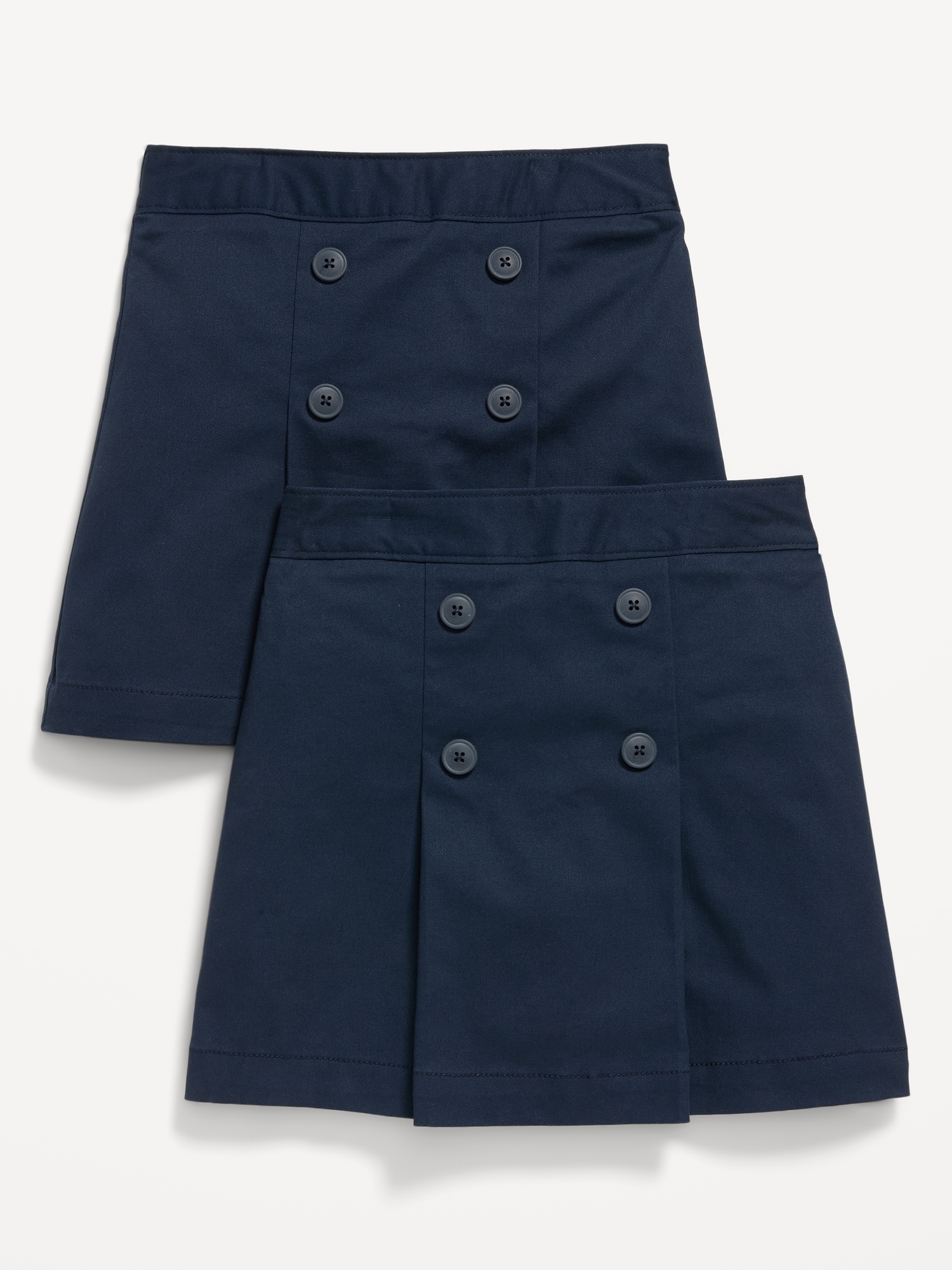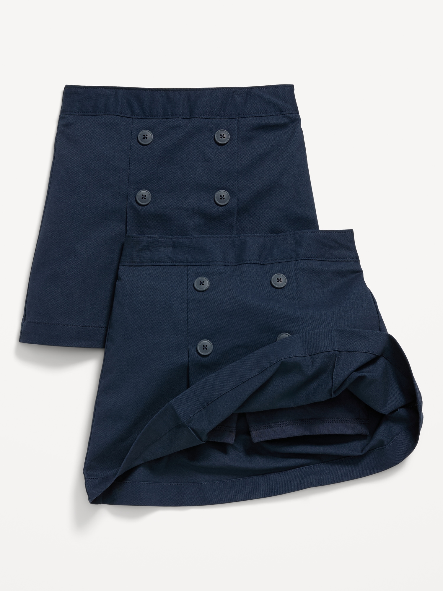 School Uniform Pleated Skort 2-Pack for Girls: built-in shorts, elasticized waistband, decorative buttons at front, #766637
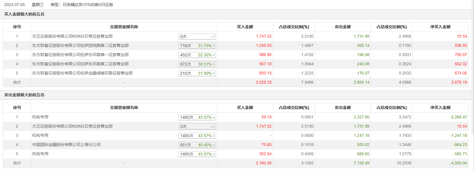 具体来看,机构买入362.13万元,卖出4463.49万元,合计净卖出4101.36万元。此外,方正证券杭州白石巷证券营业部、东方财富证券拉萨团结路第二证券营业部分别买入1747.52万元、1036.63万元;方正证券杭州白石巷证券营业部、中国国际金融上海分公司分别卖出1731.98万元、935.02万元。
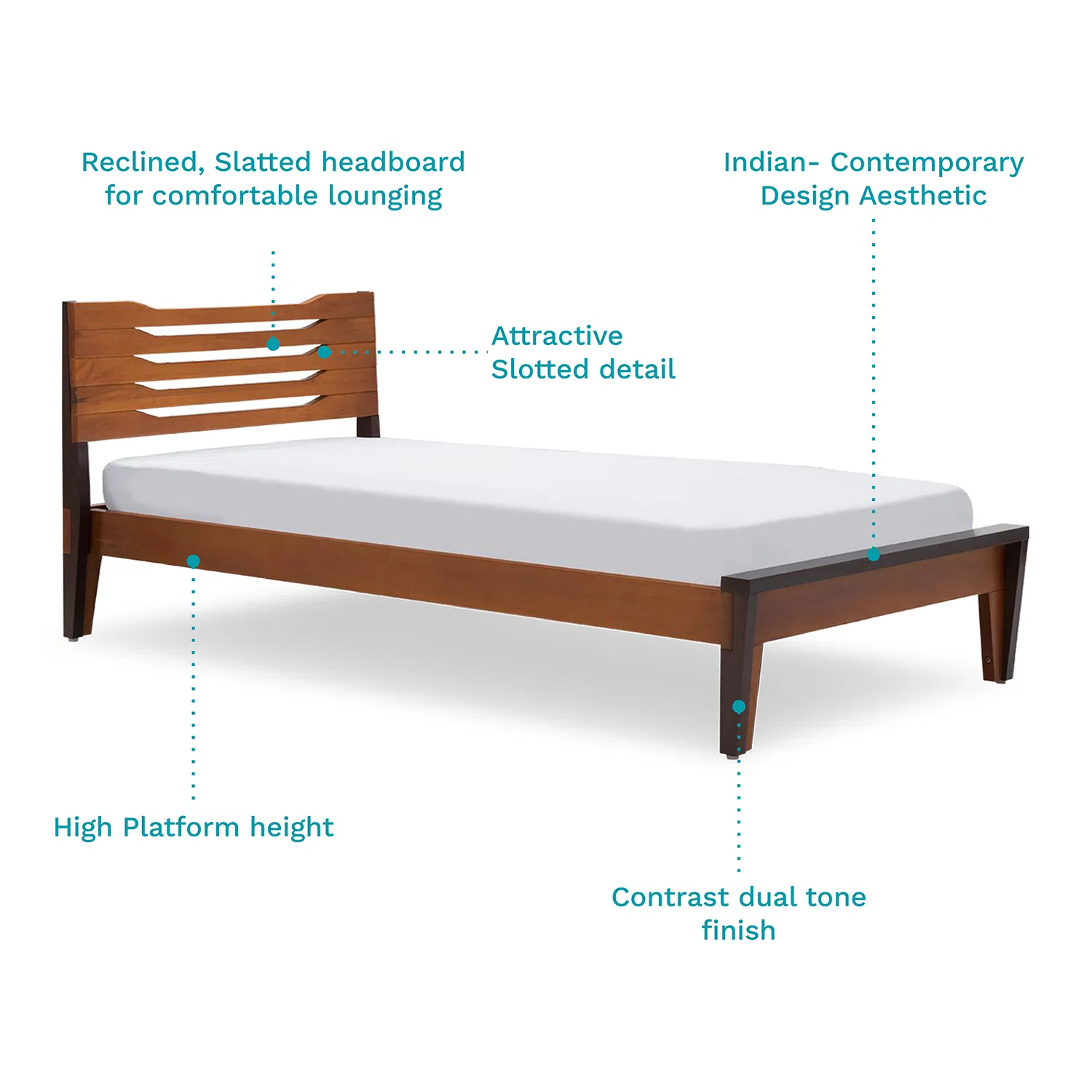 Rent the Pico Single Bed – The Pico Single Bed is a breath of fresh air and convenience as it’s designed keeping Indian sensibilities in mind. Each material used is chosen to maintain the highest standards of durability and sturdiness. Even after this, it retains a contemporary look that can enhance any sort of space or decor scheme. What’s the most interesting aspect about it is the horizontal slots on the headboard, and the unmissable dual-tone finish.
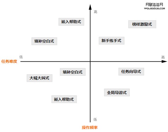 把新手任務的特征和用戶類型按以上方式大致分析歸類之後,接下來就是確定如何在界面上展示這些任務去引導用戶一步步操作下去,也就是任務的具體表現方法了。我們總結出7種常見的表現方法,並且與任務特征和用戶類型逐個去對應。
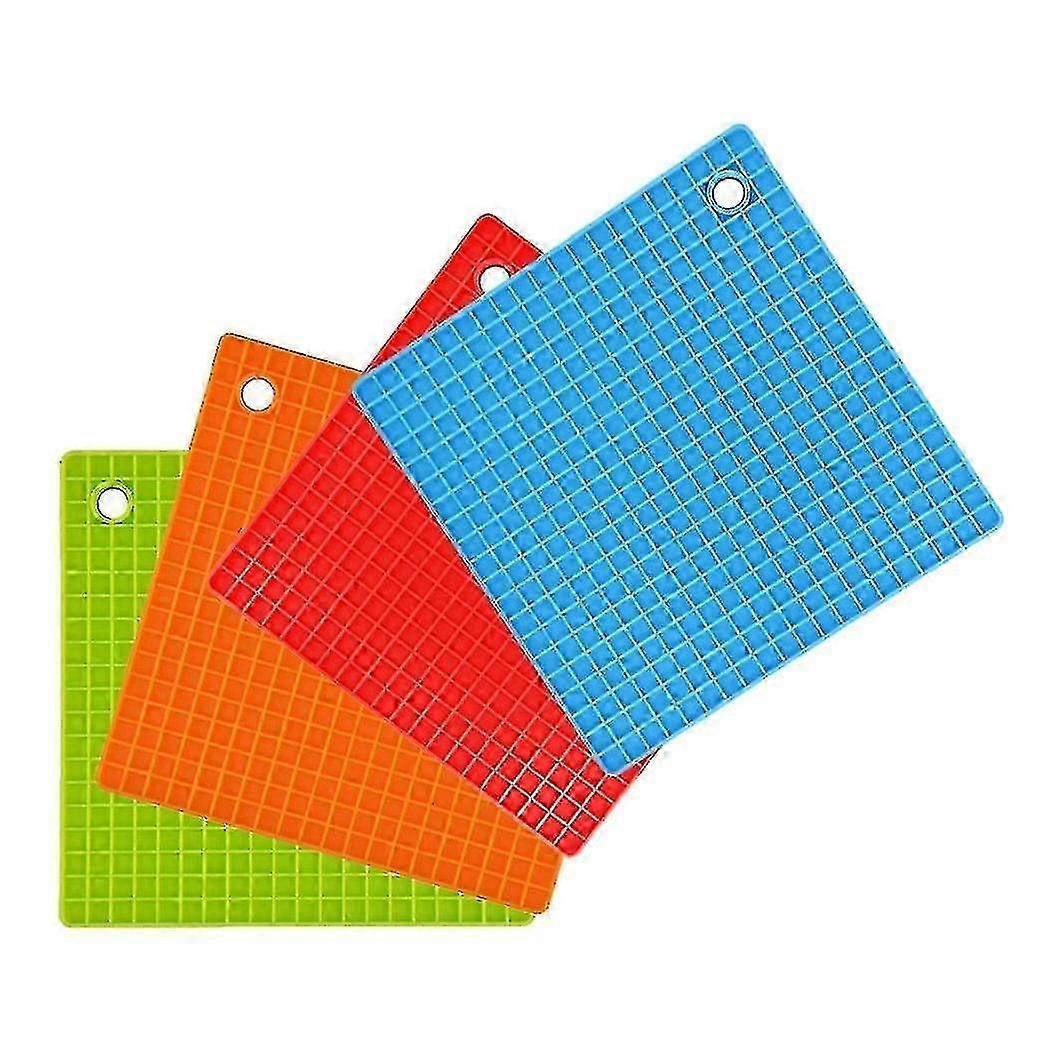 4 Pcs Silicone Pot Holder, Non-Slip Durable Dishwasher Safe Heat-Resistant Hot Plates Service Mat
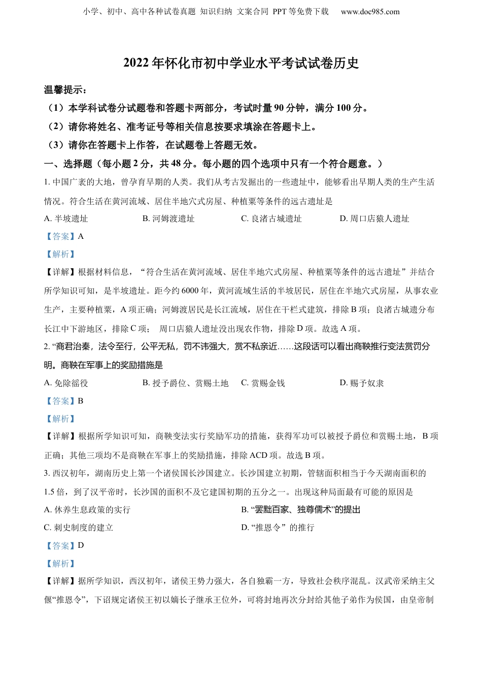 小学、初中、高中各种试卷真题知识归纳文案合同PPT等免费下载www.doc985.com2022年怀化市初中学业水平考试试卷历史温馨提示:(1)本学科试卷分试题卷和答题卡两部分,考试时量90分钟,满分100分。(2)请你将姓名、准考证号等相关信息按要求填涂在答题卡上。(3)请你在答题卡上作答,在试题卷上答题无效。一、选择题(每小题2分,共48分。每小题的四个选项中只有一个符合题意。)1.中国广袤的大地,曾孕育早期的人类。我们从考古发掘出的一些遗址中,能够看出早期人类的生产生活情况。符合生活在黄河流域、居住半地穴式房屋、种植粟等条件的远古遗址是A.半坡遗址B.河姆渡遗址C.良渚古城遗址D.周口店猿人遗址【答案】A【解析】【详解】根据材料信息,“符合生活在黄河流域、居住半地穴式房屋、种植粟等条件的远古遗址”并结合所学知识可知,是半坡遗址。距今约6000年,黄河流域生活的半坡居民,居住在半地穴式房屋,从事农业生产,主要种植粟,A项正确;河姆渡居民是长江流域,居住在干栏式建筑,排除B项;良渚古城遗分布长江中下游地区,排除C项;周口店猿人遗址没出现农作物,排除D项。故选A项。2.“……商君治秦,法令至行,公平无私,罚不讳强大,赏不私亲近这段话可以看出商鞅推行变法赏罚分明。商鞅在军事上的奖励措施是A.免除徭役B.授予爵位、赏赐土地C.赏赐金钱D.赐予奴隶【答案】B【解析】【详解】根据所学知识可知,商鞅变法实行奖励军功的措施,获得军功可以被授予爵位和赏赐土地,B项正确;其他三项均不是商鞅在军事上的奖励措施,排除ACD项。故选B项。3.西汉初年,湖南历史上第一个诸侯国长沙国建立。长沙国建立初期,管辖面积相当于今天湖南面积的1.5倍,到了汉平帝时,长沙国的面积不及它建国初期的五分之一。出现这种局面最有可能的原因是A.休养生息政策的实行B.“”罢黜百家、独尊儒术的提出C.刺史制度的建立D.“推恩令”的推行【答案】D【解析】【详解】据所学知识,西汉初年,诸侯王势力强大,各自独霸一方,导致社会秩序混乱。汉武帝采纳主父偃“推恩令”,下诏规定诸侯王初以嫡长子继承王位外,可将封地再次分封给其他子弟作为侯国,由皇帝制小学、初中、高中各种试卷真题知识归纳文案合同PPT等免费下载www.doc985.com定封号。这样诸侯国越来越多,诸侯王的封地和势力越来越小,分析题干,西汉初年,湖南历史上第一个诸侯国长沙国建立。长沙国建立初期,管辖面积相当于今天湖南面积的1.5倍,到了汉平帝时,长沙国的面积不及它建国初期的五分之一,可以得出是“推恩令”的推行,D项正确;汉高祖吸取秦朝因暴政导致速亡的教训,采取了休养生息政策,排除A项;“罢黜百家、独尊儒术”的提出,确立儒家学说的正统地位,排除B项;刺史制度是朝廷监视州部内的地方官吏、豪强及其子弟,严禁他们为非作歹,排除C项。故选D项。4.曹操的诗句“白骨露于野,千里无鸡鸣。生民百遗一,念之断人肠”记录了战争给社会带来的巨大灾难。东汉末年,曹操为统一北方打下基础的战役是A.赤壁之战B.淝水之战C.官渡之战D.郾城大捷【答案】C【解析】【详解】根据所学知识,200年曹操在官渡之战中以少胜多,打败袁绍,为统一北方打下基础,C项正确;赤壁之战为三国鼎立局面形成奠定基础,排除A项;淝水之战是中国历史上著名的以少胜多的战例,拥有绝对优势的前秦败给了东晋,排除B项;郾城大捷是指岳飞指挥岳家军将士以少胜多,在平原旷野地区大败完颜宗弼(兀术)所统率的金国女真军队主力,取得郾城大捷,排除D项。故选C项。5.中国的书法艺术是中华文化中的瑰宝。唐朝在书法艺术方面建树颇丰。下列书法家中都属于唐代名家的一组是A.钟繇、胡昭B.颜真卿、柳公权C.王羲之、怀素D.赵孟頰、欧阳询【答案】B【解析】【详解】根据所学知识,唐代的书法家有欧阳询、颜真卿、柳公权、诸遂良。继王羲之后,我国书法史上最有成就的大书法家是颜真卿,自创“颜体”,其楷书结构方正茂密,笔画横轻竖重,笔力雄强圆滑,气势庄严雄浑;柳公权博采众长,别出心裁,自成“柳体”,他的字方折俊丽、骨力劲力,后人把柳书和颜书并成为“颜筋柳骨”,B项正确;钟繇、胡昭是三国魏初时期,二人皆以工书擅名,...
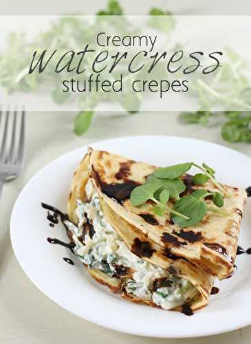 These stuffed crepes are filled with a creamy ricotta and watercress mixture, and drizzled with a tangy balsamic reduction.
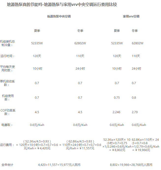 地源熱泵真的節(jié)能嗎-地源熱泵與一般空調(diào)運行費用對比
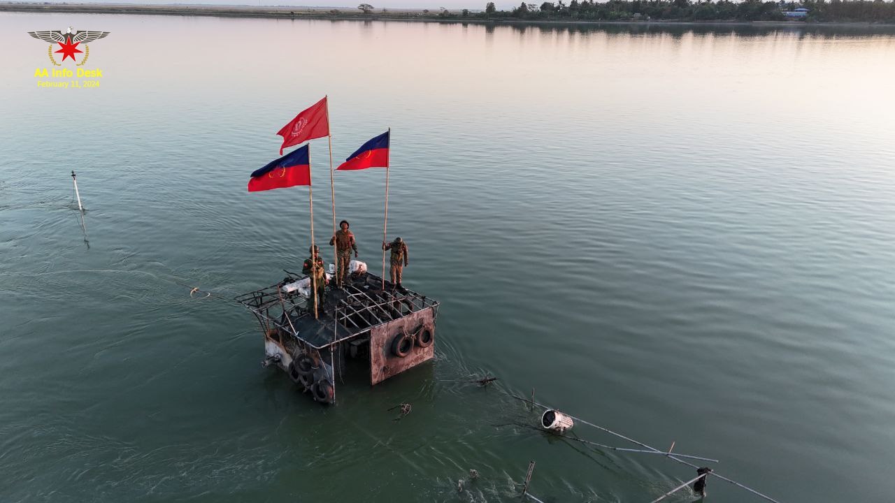ဖေဖော်ဝါရီလအတွင်း ကျောက်တာ်မြို့နယ်တွင် ရေကြောင်းတိုက်ပွဲအောင်နိုင်မှုအပြီး တွေ့ရသော AA တပ်ဖွဲ့ဝင်များ။ (ဓာတ်ပုံ - AA Info Desk)
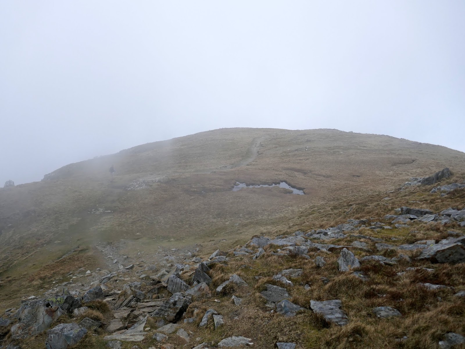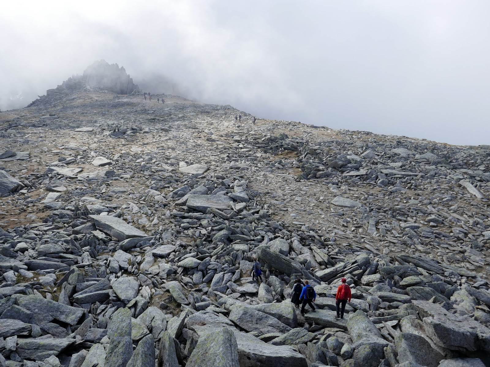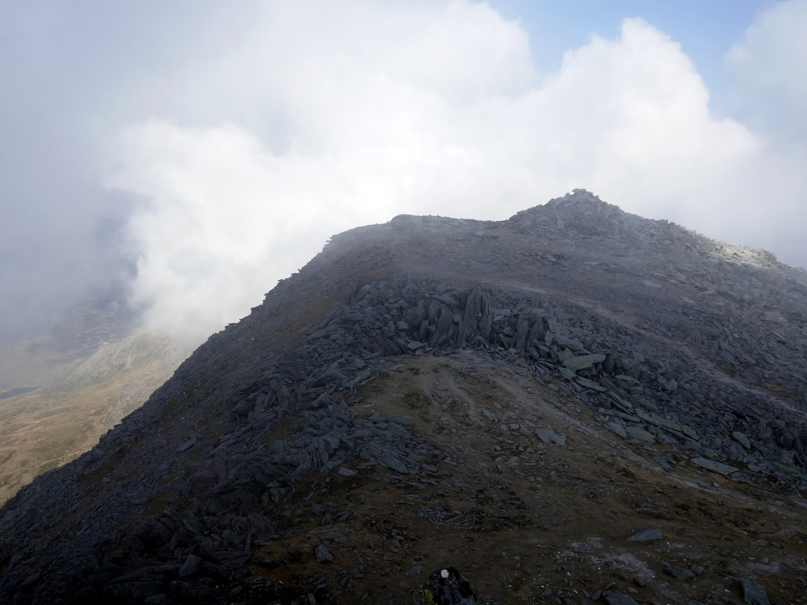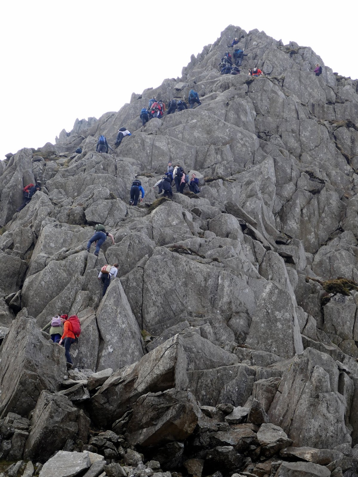 The Nose is an imposing pyramid of rock that bars the north ridge route. By far the best way is to tackle it head-on. Again, the main routes should be easy to pick out given the amount of polished rock. We opted for a slightly different line to avoid a queue forming though still remained around a scrambling grade of Grade 1 with the odd 2 thrown in for good measure. If you chose to bypass the nose, a path skirts to the left, cutting across the slopes and a number of gullies. I’d highly recommend you attempt to climb the first gully (the upper reaches of Nor Nor gully) to get back up onto the ridge before you find yourself on uncertain ground.
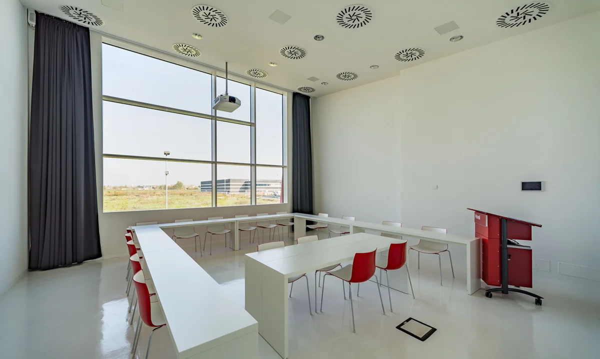 in zusammenarbeit mit architekten SOLARRAUM wird der 1. preis des wettbewerbs für das neue firmengelände HOVAL italia gewonnen. das gebäude wird in einer bauzeit von nur 7 monaten in zusammenarbeit mit der firma WOLFSYSTEM WOLFHAUS fertiggestellt.
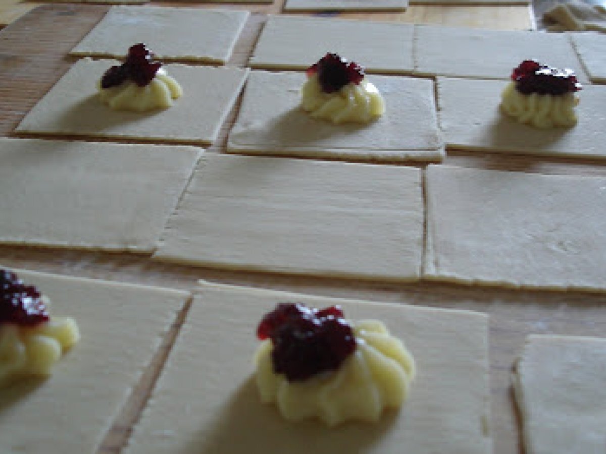 Pastelitos de crema pastelera y mermelada de cerezas AnteriorSiguiente PostreMedio1 h 30 m Enviar esta receta a un amigo Imprimir esta página Preguntar al autor Publicar la foto de esta receta Este postre lleva algún tiempo, pero el resultado vale la pena. Ingredientes 6 Un paquete de masa para pastelitos (hojaldre en cuadrados) crema pastelera bien espesa dulce de cerezas CREMA PASTELERA: 3 yemas 1 y 1/2 cucharada de almidón de maiz (Maizena) 75 g de azúcar 375 cc. de leche esencia de vainilla 1 cucharada de manteca (15 grs.)

=-=-=

### What you will do
Pictures are to be left out; otherwise, retype exactly the lines from the first line of the data through the line containing "具体来看,机构买入362.1".

### Result
 School Uniform Pleated Skort 2-Pack for Girls: built-in shorts, elasticized waistband, decorative buttons at front, #766637
 具体来看,机构买入362.13万元,卖出4463.49万元,合计净卖出4101.36万元。此外,方正证券杭州白石巷证券营业部、东方财富证券拉萨团结路第二证券营业部分别买入1747.52万元、1036.63万元;方正证券杭州白石巷证券营业部、中国国际金融上海分公司分别卖出1731.98万元、935.02万元。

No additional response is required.